Copy every line of the records below where the word "long" occurs.

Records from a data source
((

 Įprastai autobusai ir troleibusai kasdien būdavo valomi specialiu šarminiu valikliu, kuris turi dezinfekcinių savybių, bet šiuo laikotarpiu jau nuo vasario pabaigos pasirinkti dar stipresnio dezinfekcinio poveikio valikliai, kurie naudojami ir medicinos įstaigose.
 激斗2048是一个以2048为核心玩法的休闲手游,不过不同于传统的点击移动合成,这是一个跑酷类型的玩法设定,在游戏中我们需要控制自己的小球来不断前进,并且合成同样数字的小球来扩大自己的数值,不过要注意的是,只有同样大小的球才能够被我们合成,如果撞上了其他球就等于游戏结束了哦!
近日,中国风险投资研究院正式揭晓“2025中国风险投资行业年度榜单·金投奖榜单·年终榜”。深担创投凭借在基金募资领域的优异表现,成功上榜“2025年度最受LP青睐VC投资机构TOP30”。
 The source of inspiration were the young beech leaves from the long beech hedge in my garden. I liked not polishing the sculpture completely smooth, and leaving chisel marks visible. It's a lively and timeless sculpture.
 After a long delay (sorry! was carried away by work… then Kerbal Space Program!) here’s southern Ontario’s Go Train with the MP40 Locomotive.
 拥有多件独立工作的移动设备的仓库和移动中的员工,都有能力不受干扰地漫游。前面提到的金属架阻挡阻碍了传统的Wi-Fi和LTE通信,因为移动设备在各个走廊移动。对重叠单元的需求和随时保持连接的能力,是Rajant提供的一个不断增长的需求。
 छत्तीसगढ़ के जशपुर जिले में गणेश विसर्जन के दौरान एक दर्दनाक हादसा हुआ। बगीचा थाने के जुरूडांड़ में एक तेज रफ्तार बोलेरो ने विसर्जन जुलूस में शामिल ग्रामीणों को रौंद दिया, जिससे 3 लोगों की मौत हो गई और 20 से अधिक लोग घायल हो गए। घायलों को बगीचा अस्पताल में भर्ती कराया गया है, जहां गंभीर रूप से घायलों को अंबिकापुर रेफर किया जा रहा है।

))

EXERCISE OUTPUT
 The source of inspiration were the young beech leaves from the long beech hedge in my garden. I liked not polishing the sculpture completely smooth, and leaving chisel marks visible. It's a lively and timeless sculpture.
 After a long delay (sorry! was carried away by work… then Kerbal Space Program!) here’s southern Ontario’s Go Train with the MP40 Locomotive.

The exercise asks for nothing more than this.